Colour matching for flexo using PantoneLIVE (3)

 

The variety of printing processes and substrates used in packaging makes delivering accurate, reliable colour a real challenge for graphic designers, but there is hope for a simpler process when colour is communicated digitally. 

Great colour is critical in packaging, but is it so complicated that it is best left to repro houses and printing companies?

Specification of colour for packaging begins long before the job arrives at the printer. And sometimes this means that it is difficult – or even impossible – to actually print the specified colours using the target substrates and printing processes. Designers and brand owners would, of course, like to avoid this expensive proposition by ensuring that the final drafts of a packaging design clearly indicate the colours that can actually be achieved during production. This is facilitated when the brand owner, design agency and repro house are using a shared, digital database (also known as asset management). But it must go a step further in order to ensure that colours can be reproduced as expected.

PantoneLIVE is a cloud-based eco system that greatly simplifies communication of colour throughout the entire supply chain, from design and specification through production. It also allows designers and brand owners to predict exactly how colours will look on the target substrate and using the desired printing technology and inks before files are ever sent to the printer.

Universal colour language

PantoneLIVE enables the universal Pantone colour language to be accurately communicated among brand owners, designers, pre-media, ink suppliers and the pressroom with no ambiguity, breaking down the silos in the colour workflow.

The PantoneLIVE team works with printers, converters and other stakeholders to define, develop and deploy accurate colour specifications, based on specific substrates, print processes, inks and application methods. Precise spectral definitions for each colour are organised in a secure cloud-based eco system accessible to all authorised stakeholders across the global supply chain. Brand integrity and design intent are assured, regardless of print surfaces, production processes, technologies, skill sets, people or geography.

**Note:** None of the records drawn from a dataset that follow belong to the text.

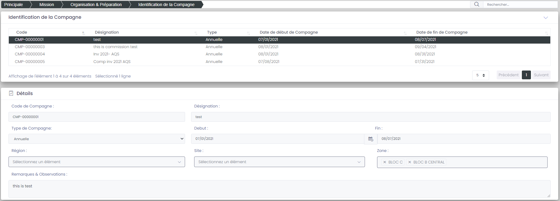 L'identification de la campagne sert a rentrer les informations et les détails de la mission d'inventaire,
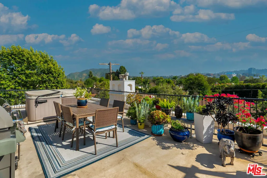 Luxurious townhome with an expansive private rooftop deck, ideally situated in prestigious Toluca Lake. This exceptional 3-bedroom, 3.5-bath residence welcomes you with a bright, open floor plan enhanced by modern designer finishes throughout. A dramatic two-story marble foyer with ornamental wrought iron detailing sets the tone, leading into an elegant layout designed for both everyday living and effortless entertaining. Rich cherry wood floors run throughout, while abundant windows fill the home with natural light.The formal living room is anchored by a beautiful fireplace and flows seamlessly into the adjoining dining room, complete with a sleek wet bar. The crisp white chef’s kitchen features quartz countertops, breakfast bar, a Sub-Zero refrigerator, and a separate eating area. Upstairs, the stunning primary suite serves as a true cozy retreat, an oversized walk-in closet, a private balcony with views, and a large spa-inspired bathroom with a jetted soaking tub. A secondary bedroom suite is also located on this level, providing comfort and privacy. On the first floor, an additional bedroom suite offers ideal flexibility, perfect for guests, an executive home office, or private workspace. At the top, the show-stopping private rooftop deck captures the essence of Southern California living featuring a hot tub, dedicated dining and lounge areas, and a gas hookup for BBQ. Enjoy unobstructed sunrise views behind Griffith Park, Holidays watch parties of Universal Studios and WB Studios fireworks, creating a dynamic backdrop perfect for year-round entertaining.Additional highlights include a private two-car garage and a convenient dumbwaiter. Ideally located near major motion picture studios, shopping, dining, and all that Toluca Lake has to offer.
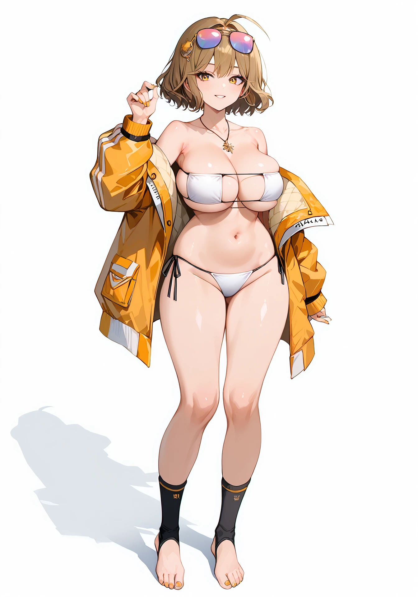 An1sSummer,white eye patch bikini,orange jacket,open jacket,off shoulder,white side-tie bikini bottom,eyewear on head,black toeless socks, pendant,nail polish,yellow toenail oil,
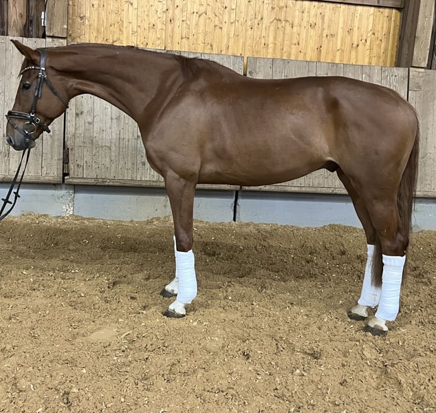 Zum Verkauf steht ein talentierter Hannoveraner Fuchs-Wallach, geboren 2020, mit vier weißen Beinen. Der Wallach ist aktuell ca. 170 cm groß und befindet sich noch im Wachstum. Er überzeugt durch seine sehr gute Arbeitseinstellung, Intelligenz und Lernbereitschaft. Dabei zeigt er sich stets motiviert und aufmerksam unter dem Sattel. Mit angenehmem Go, guter Rittigkeit und viel Qualität ausgestattet, bringt er beste Voraussetzungen für den Dressursport mit – sowohl für ambitionierte Reiter als auch für engagierte Nachwuchsreiter mit Unterstützung. Besonders hervorzuheben ist sein freundliches und menschenbezogenes Wesen. Er ist sehr verschmust, genießt die Aufmerksamkeit und baut eine enge Bindung zu seiner Bezugsperson auf. Erfolge & Ausbildung • Dressurpferde A gewonnen • Dressurpferde L ausgebildet Er ist altersgerecht gefördert, zeigt sich lernwillig und gibt seinem Reiter ein gutes Reitgefühl. Mit weiterer Förderung ist er ein vielversprechender Partner für den gehobenen Dressursport. Gesundheit • Großer TÜV inkl. Röntgenbildern aus 12/2025 ohne Befund Ein ehrliches, talentiertes Pferd mit Perspektive, das bei entsprechender Anleitung auch Nachwuchsreitern viel Freude bereiten wird.
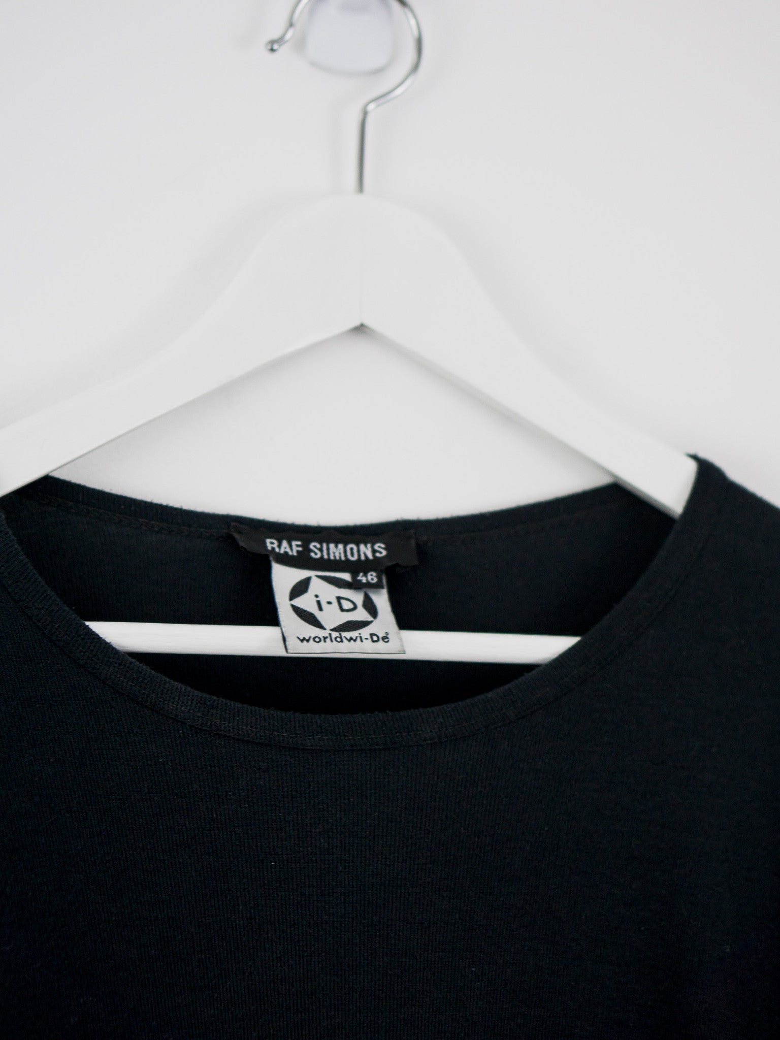 The rarest and most highly-desired Raf Simons item featured here on HUIBEN. This tee released in February of 2001 when Raf became guest editor for Issue #206. The first letter of each word are in i-D magazine's logotype and the rest in Borges Blanca. A soft, substantial cotton in a deep black colour. The print is a white screen print, cracking has been kept to a minimum although still slightly noticeable. The shape of the tee is in line with some of the looser Spring/Summer 1998 tees in the same dense cotton fabric, including dropped shoulders making the sleeves a near mid-arm length. The tee is most definitely oversized considering many of the other size 46 tee-shirts from this period fit more like a 44.
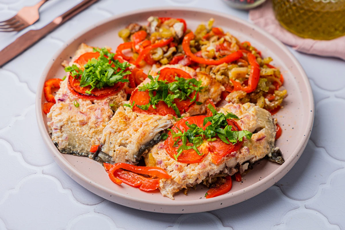 В рецепте используются товары из категорий: Рыба, икра и морепродукты; Овощи, фрукты, ягоды, зелень; Масла, соусы, специи, сахар и соль; Молочные продукты, яйцо
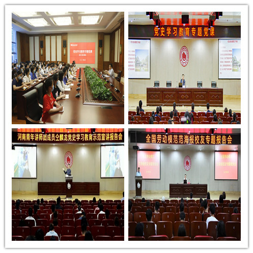 学校领导围绕党史重大事件、重要会议和重要人物,率先上好专题党课。各学院书记、院长结合“开学思政第一课”讲好防汛救灾、疫情防控奋进故事,引导学生“把灾难当教材,与祖国共成长”。学校讲师团、青年讲师团和辅导员宣讲团,精选宣讲题目,深入班级生动宣讲,打造“五维一体”党史宣讲模式,坚定学生信仰信念。特别邀请河南青年讲师团成员、驰援湖北医疗队青年突击队长仝麟龙、全国劳模优秀校友范海报等到校宣讲交流,增强学生“知史爱党爱国、知校爱校荣校”深厚情感。
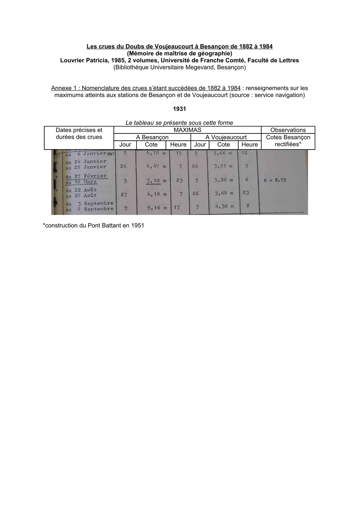 Cotes Doubs 1931

During implementation, master standards are defined for each colour within selected colour palettes. These are spectral values based on Pantone identities that represent the true colour as specified. Sometimes, due to the realities of production materials and processes, the desired master standard colour cannot be fully achieved with the target substrate and printing process. Dependent standards are expressly designed to represent desired master standards, while taking into account the effect on colour outcome of using various different substrates and printing processes.

PantoneLIVE also provides designers working in Illustrator with special colour libraries; for example, for flexo printing on various flexible packaging types, paperboard or corrugated board. These PantoneLIVE colour libraries are also available for proofing solutions as well as for accurate, error-free ink formulation by printers/converters or ink manufacturers.

Simply put, PantoneLIVE ensures accurate, consistent colour communication across the entire supply chain, from design through production, using digital colour standards and a common colour language.

A case in point

A good example of PantoneLIVE in action is a printing company that wants to test how well it can achieve a specified colour, such as Pantone Coated Reflex Blue. It can use its printing inks and special laboratory printing devices on the target printing substrate to produce colour recipes for individually mixed, optimum printing inks with data drawn from the PantoneLIVE database.

During this process, it may be discovered that Pantone Coated Reflex Blue cannot be produced with a satisfactory level of accuracy. However, all too often, this occurs just as the job is being prepared to print, and it is late in the game for the customer to have to make decisions about compromises that may be required to achieve the desired colour using the chosen substrate and printing process. Since the ink recipe is usually produced at a relatively late stage of production, this information is often not available when the print-ready proof is produced. And this can cause project delays as well as customer dissatisfaction.

In this scenario, the print-ready proof is actually of very little value for determining the accuracy of the special colours. Since all PantoneLIVE digital colour libraries are tested with real printing inks on real substrates, these digital standards are ideal for directing the formulation of ink recipes in the print shop, allowing the colour defined in the design and proof to be reliably produced as specified. Even more important, when PantoneLIVE is part of the workflow, the customer sees colours that can actually be produced in the print shop during the design phase and on the proof.

In the real world

Unfortunately, in any production operation, minor mistakes can occur in the production chain that result in an unusable product and the need for rework.

This following example is based on a real scenario, however, changes to the story have been made to protect confidentiality.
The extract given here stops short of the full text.